PlayShakespeare.com: The Ultimate Free Shakespeare Resource
PlayShakespeare.com: The Ultimate Free Shakespeare Resource
PlayShakespeare.com: The Ultimate Free Shakespeare Resource
PlayShakespeare.com: The Ultimate Free Shakespeare Resource

The Winter's Tale Scenes


Scene 1

Sicilia. A room in Leontes’ palace.

(Queen Hermione; Mamillius; First Lady; Second Lady; Leontes; Antigonus; Lords)

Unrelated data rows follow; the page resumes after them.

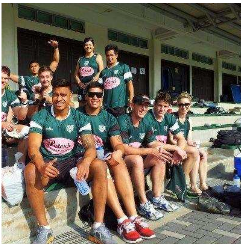
Singapore Cricket Club 7s - 2012

I take this opportunity to express my sincerest gratitude to our many sponsors and partners. Your support is never taken for granted and we look forward to working with you all to grow Randwick Rugby well into the future. The Randwick Rugby Club is indebted to its sponsors and 2012 was no different.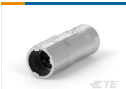
TE Part #BSA601N0086127A000 917 plug, speedtec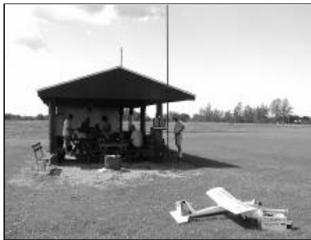
A very windy day.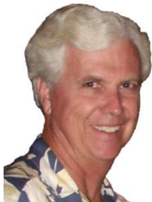
Spike Cover 1940 ~ 4 April 2023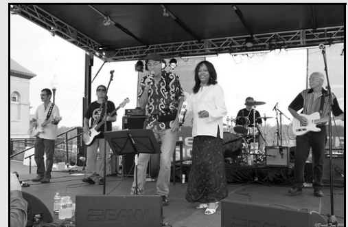
Jaywalkers at Louisville Blues & BBQ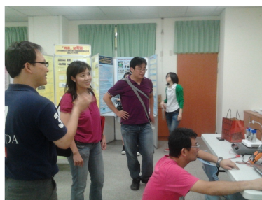
Pic 4: Team instructors visit National Miao-Li Agricultural and Industrial Vocational High School for exchange.

Additionally, we also visited the first-phase High Scope project team for National Miao-Li Agricultural and Industrial Vocational High School (MLAIVS) to observe the experimental model and evaluate its results (as shown in Pic. 4), thereby fully gaining promotional results. This was significantly beneficial to the development of the instructors' curriculum and course or curriculum evaluation.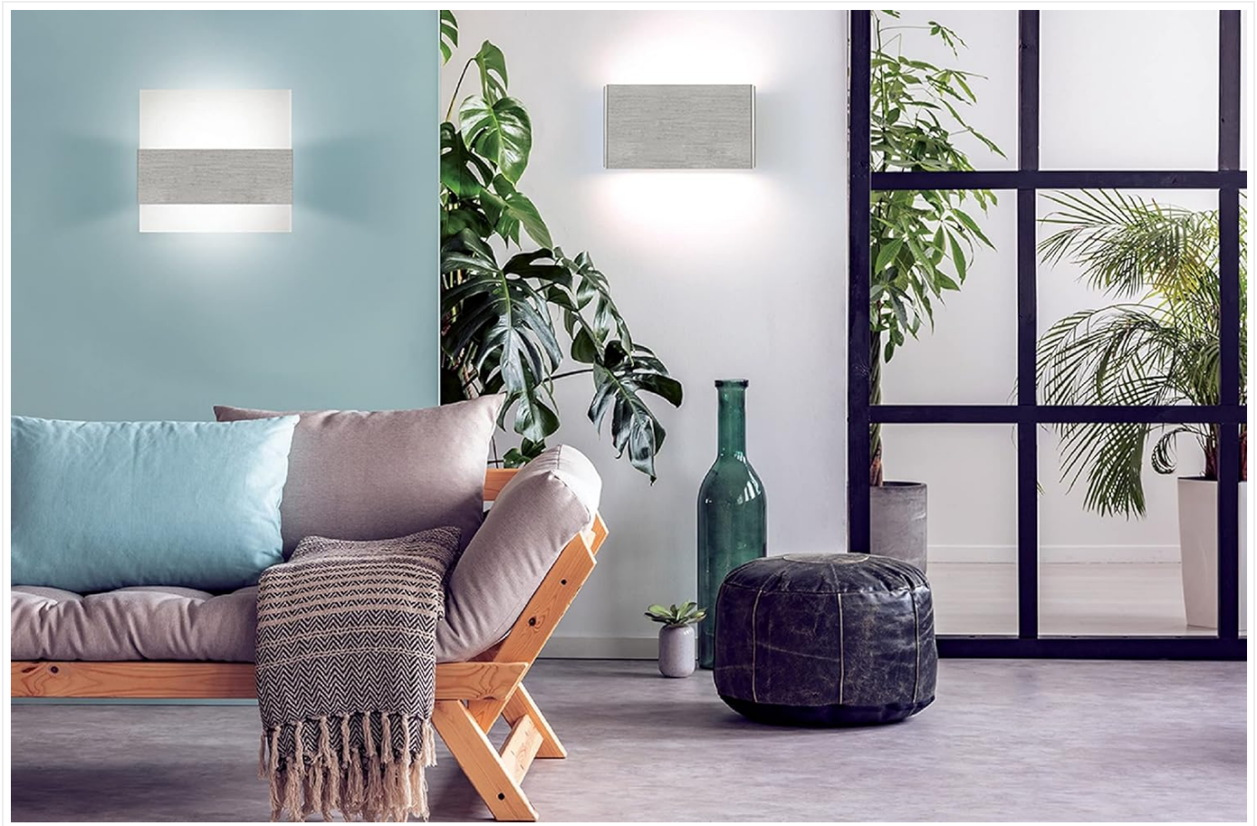
Figure 3: EGLO LED Wall Light 204077A in a modern living room. This image shows the wall light installed in a contemporary interior, demonstrating its aesthetic integration and lighting effect.

Manufacturer's Warranty: All EGLO products are covered under a 1-year warranty from the date of original shipment when purchased on Amazon. This warranty covers items and conditions identified in the original manufacturer's warranty. Exclusions include loss and theft, water damage, customer abuse, and finish deterioration due to UV or coastal exposure. Replacement Parts Policy: A 30-day replacement parts policy is provided to ensure a fully working item upon receipt. For support or warranty claims, please contact EGLO customer service or refer to the official EGLO website for contact information. You may also visit the EGLO Store on Amazon for additional product information.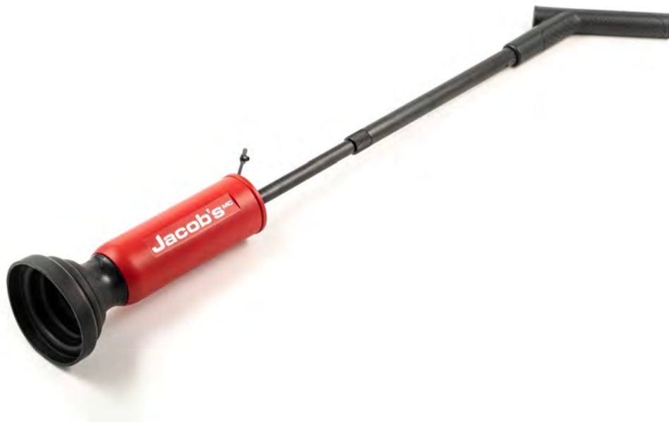
Figure 2. SNIFFER 430 H 2 Sensor.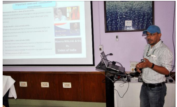
Lecture on preamble and fundamentals of Indian Constitutional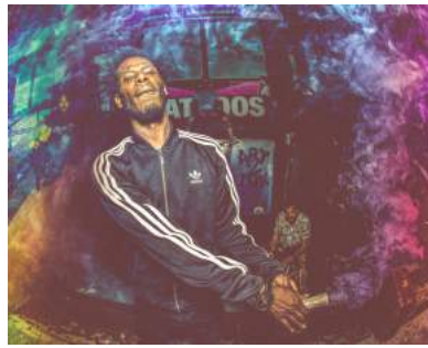
Photograph Inset of Work

I, the undersigned creator, certify that the work described herein is my own and that I produced the same as an original, authentic, and unique one of one creation. This work will not be duplicated nor reproduced for future commercial gain. I certify that the above information and statements are true and correct.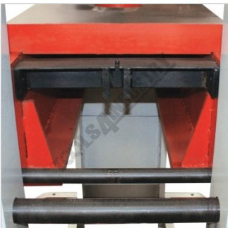
Lifting Parts For Table Height Adjustment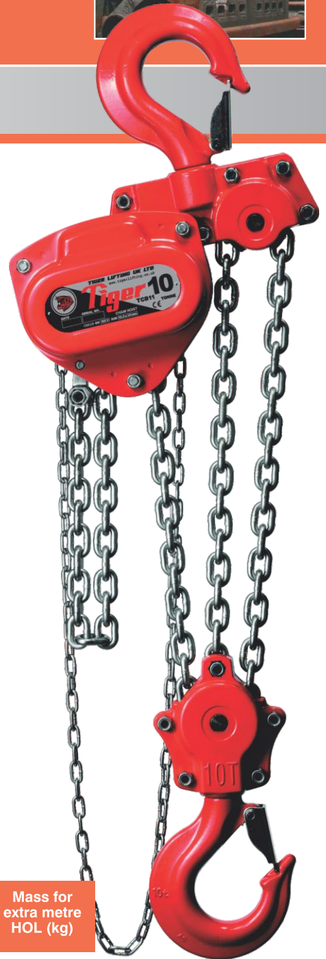
Shown with optional corrosion resistant load chain.

The fine tolerance deep pockets on the hand wheel ensure positive engagement of the hand chain at all times for smooth operation. Overload protection available.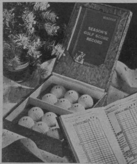
The large dozen-size Spalding gift box with scorebook and USGA rules.

The smaller box, containing six top-quality balls, has been carried out in like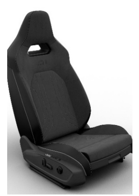
ArtVelours Top Sport Seats Soul Standard on ID.4 Max & GTX Max and optional on Style and GTX

Artvelours Microfleece/Leatherette Soul/Platinum Grey Standard from ID.4 Life Electric controls are standard from ID.4 Tech, and optional on ID.4 Business, Style and Family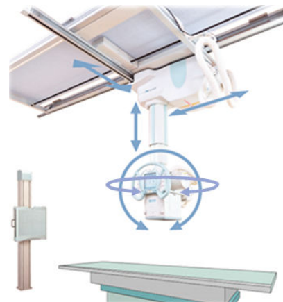
Fig. 8 Auto Positioning

The X-ray grid can be manually removed from the stand or table for radiography of children or extremities. Removing the grid allows obtaining images using lower exposure dose levels.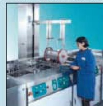
Optimum Console with Rigibot CTS-1000 Transport and RoTumbler Rotating Basket System.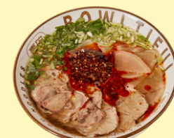
壹碗兰州牛肉面 BOWLTIFFUL Lanzhou Beef Noodle Soup $17.80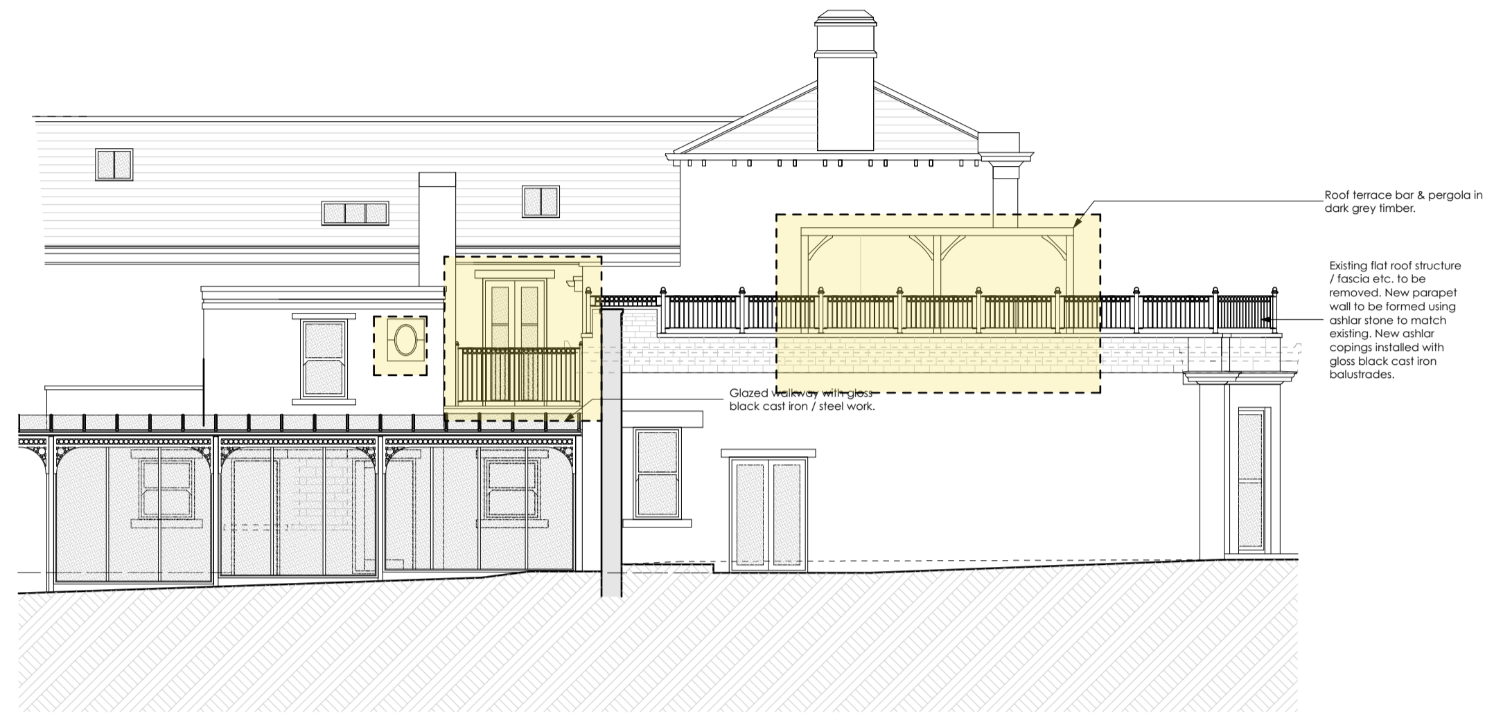
Sectional Elevation K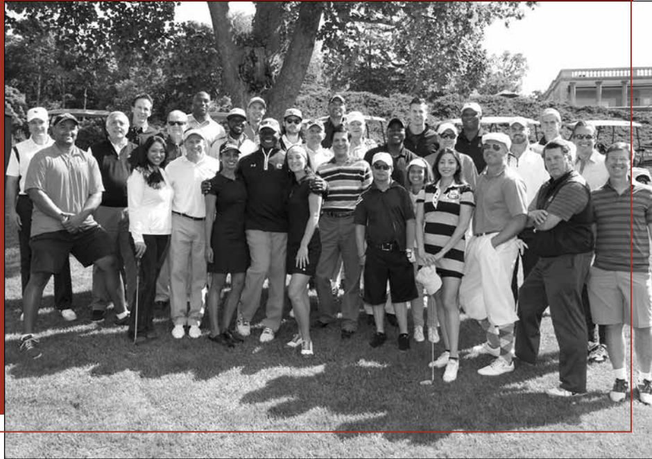
TELEVISION, RADIO AND SPORTS CELEBRITIES TURN OUT FOR THE 2013 CELEBRITY GOLF TOURNAMENT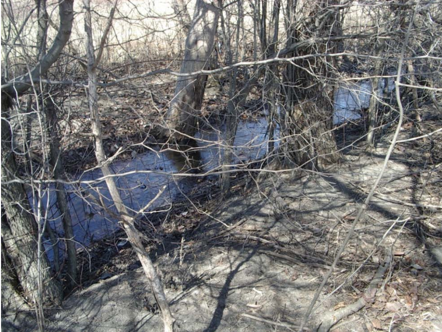
Photo 3 - View of ditch on west property line.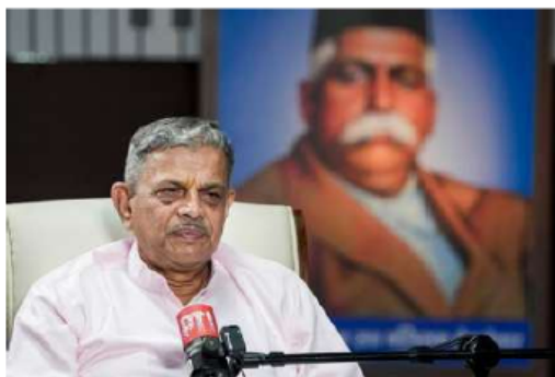
RSS leader Dattatreya Hosabale speaking to PTI in New Delhi.

With regard to the relationship with Pakistan, matters stray into a territory that is more dynamic, and affected by both internal and external events. The RSS's views have been quite consistent for a long time; therefore, governmental intervention, which also depends on immediate circumstances, may not usually follow the same trajectory. What the comments suggest is that whenever or if ever Mr. Modi seeks to initiate dialogue with Pakistan, he will have political cover from the ideological parent of the BJP.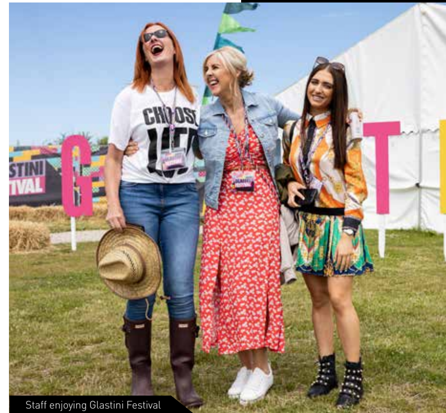
Staff enjoying Glastini Festival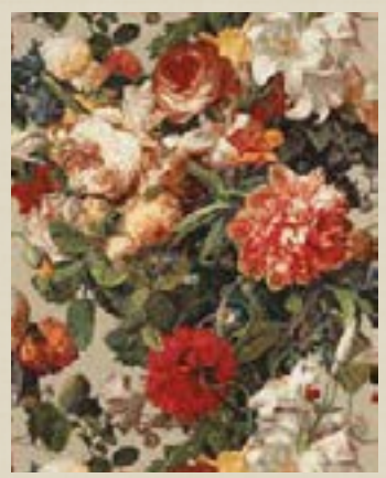
FLORAL POMPADOUR FD301 1 COLOUR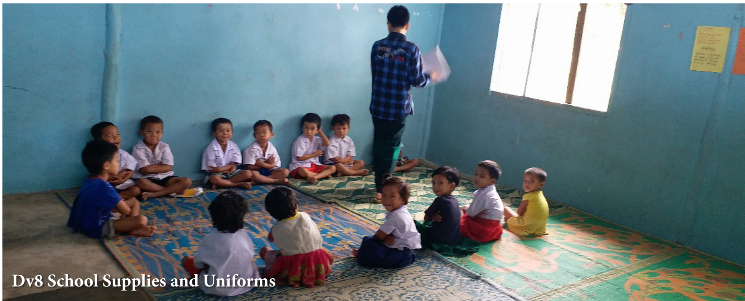
Dv8 School Supplies and Uniforms

Featured here is a school located in the heart of what is known as “Trash Dump Village.” With IDES help, the school has received new equipment including tables, chairs, desks, electric fans, and mosquito nets to ensure their 140 students receive a needed education and aren’t at risk of insect transmitted diseases that are rampant in the area.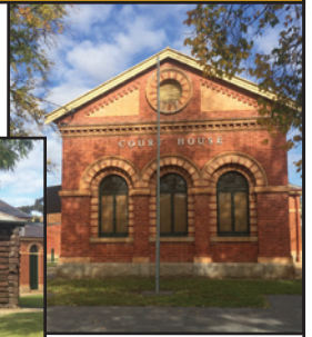
▲ Court House Museum ◀ Log Lock-up ▼ Presbyterian Church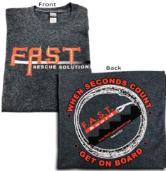
FAST Logo T-Shirt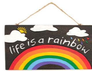
BA6082 Life Is A Rainbow £4.25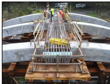
SSR being placed to reinforce deck

The Spencer Creek Bridge north of Newport, Oregon at Beverly Beach is on the Pacific Coast Highway (US101) and will use approximately 70 tons of 2205 stainless steel rebar (SSR). The bridge is being built to replace a bridge constructed in 1947 that has been closed due to structural problems caused by corrosion.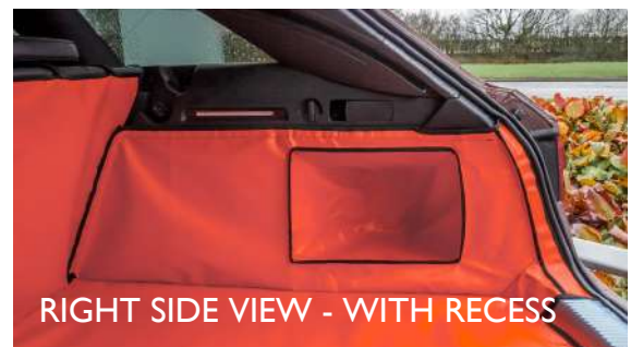
RIGHT SIDE VIEW - WITH RECESS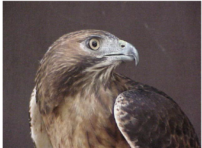
2. Take subject against a simple background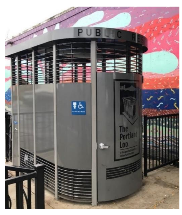
The Portland Loo was installed at the Artesian Commons Park, providing a public restroom open 24/7.

Public Restroom Facility CDBG invested $97,102 to purchase a public restroom equipment – a pre-fabricated restroom facility. The facility was installed in the Artesian Commons Park located in Olympia's downtown core. This public facility is available to all members of the public, however the primary beneficiaries are homeless, mentally ill and other street dependent people who have limited daytime access to restrooms during the day and zero access overnight.

Mamillius is playing in the company of his mother and her ladies, whom he is quickly outgrowing. Hermione tries to calm him down by asking him to tell her a tale; just as he’s about to tell a horror story, Leontes bursts in with the lords of his court and orders Hermione’s arrest for adultery. He has Mamillius carried off to avoid his being infected by her mother. He accuses her of treason, of Camillo being he raccomplice, his evidence being that Camillo has fled with Polixenes. Leontes’s lords, led by Antigonus, beg him to show her mercy as she is escorted out with her ladies, but he insists that he has all the proof he needs to condemn her. To prove he is no tyrant, Leontes points out that he has sent emissaries to the oracle at Delphi to question Apollo about the truth of the case. He himself is quite convinced, but he is sure that the oracle will convert the skeptics of his court. Antigonus comments that they are likely to become the laughingstock of the world. ( line)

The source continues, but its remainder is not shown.